Foto: 7aktuell

Rund 100 Einsatzkräfte haben Schlimmeres verhindert.  Bewohner des ausgebrannten Hauses sind bei Freunden oder in städtischen Unterkünften untergekommen.

Marbach - Die Nacht von Freitag auf Samstag wird Ekkehard Graf, Dekan des evangelischen Kirchenbezirks Marbach, so schnell nicht vergessen. Feuer und Rauch im Eingangsbereich der Stadtkirche lautete die Meldung, die den Geistlichen, der ehrenamtlich Dienst bei der Marbacher Feuerwehr leistet, sofort in Alarmbereitschaft versetzte. In einem automatischen Reflex schnappte Graf, bevor er sich zum Feuerwehrgerätehaus aufmachte, nach dem Schlüssel für die Stadtkirche. 

In der Altstadt angekommen war jedoch schnell klar, dass nicht das Gebäude Niklastorstraße 5, also die Stadtkirche, sondern das Gebäude Niklastorstraße 11 in Vollbrand steht. „Ich bin mit einem Trupp ins Gebäude, um zunächst einmal nach Personen zu suchen. Es war eine extreme Rauchentwicklung“, berichtet Graf am Sonntagmittag im Gespräch mit unserer Zeitung. Ausgelöst hatte den Einsatz von rund 100 Kräften in der Altstadt ein 42-Jähriger, der nach Informationen unserer Zeitung selbst in dem Wohnhaus   lebt und in einem psychischen Ausnahmezustand offenbar seine Wohnung in Brand setzte sowie  weitere  selbst gebaute Brandsätze sowohl gegen die Stadtkirche als auch gegen die Eingangstür des Polizeireviers in der Steinerstraße warf. 

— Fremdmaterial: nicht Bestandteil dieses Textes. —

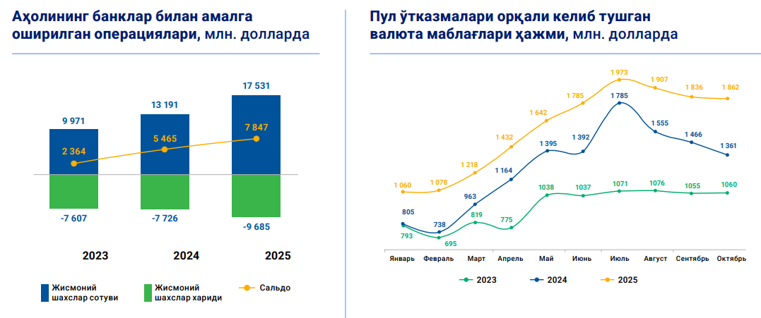 Jismoniy shaxslar banklarga 17,4 milliard dollar sotdi — bu o‘tgan yilga (13,2 milliard) nisbatan 1,3 baravar ko‘p. Aholi tomonidan valuta sotib olish 24 foizga oshib, 9,6 milliard dollarga yetdi.

In der Dramatik der Situation, in der es um das Leben von Menschen ging,  habe er zunächst gar nicht mehr an den Kirchenschlüssel in seiner Tasche gedacht, so Dekan Ekkehard Graf. „Die Bewohner des Hauses werden für lange Zeit nicht mehr zurück in ihre Wohnungen können. Das ist schlimm.“ Dennoch sei die Erleichterung darüber, dass es zwar Verletzte gebe, aber niemand zu Tode gekommen sei ebenso groß wie die, dass der mutmaßliche Täter gleich gefasst werden konnte. „Und ich freue mich auch darüber, dass sich der mutmaßliche Täter offenbar in einem psychischen Ausnahmezustand befand, aber keine kriminelle Energie hatte, denn dann hätte er die Scheibe der Stadtkirche eingeschlagen und einen Brandsatz hinein geworfen.“ 

Mehr zum Thema 

Dankbar ist der Dekan einem aufmerksamen Nachbar, der am Marktbrunnen offenbar Eimer mit Wasser gefüllt hat, um  Schlimmeres an der Stadtkirche zu verhindern und es den Feuerwehrkräften ermöglichte, sich um den Vollbrand zu kümmern. Ekkehard Graf: „Wir als Kirchengemeinde würden uns gerne bedanken, aber wir wissen leider nicht, wer es war.“ 
Am Samstagvormittag hatte sich die Situation in der Altstadt entspannt. Gegen 11 Uhr beendet die Feuerwehr ihre Brandwache. Den Anwohnern stand der Schock jedoch noch immer in den Gesichtern.  „Es hätte auch uns treffen können. Ich bin wirklich froh, dass der Täter gefasst ist“, sagt ein Nachbar. Ein anderer war nachts gegen 3 Uhr vom Lärm auf der Straße aufgewacht und hatte den Brand gesehen. „Meine Frau hat sofort die Feuerwehr verständigt“, berichtet er. 

Schockiert ist auch Bürgermeister Jan Trost. Kurz vor 3.30 Uhr wurde er telefonisch informiert. Vor Ort macht sich der Stadtchef ein Bild von der Situation. Er sei froh, dass alles recht glimpflich ausgegangen sei, so Trost. Das habe man der guten Arbeit und Zusammenarbeit der Einsatzkräfte zu verdanken.  Leicht hätten die Flammen auf die umstehenden Gebäude übergehen können, was aber „gottseidank nicht der Fall war“. Ordnungsamtsleiter Andreas Seiberling und seine Mannschaft kümmerten sich  derweil um die Unterbringung der betroffenen Bewohner. Einige konnten zu Freunden und Bekannten, andere haben in städtischen Unterkünften Platz gefunden.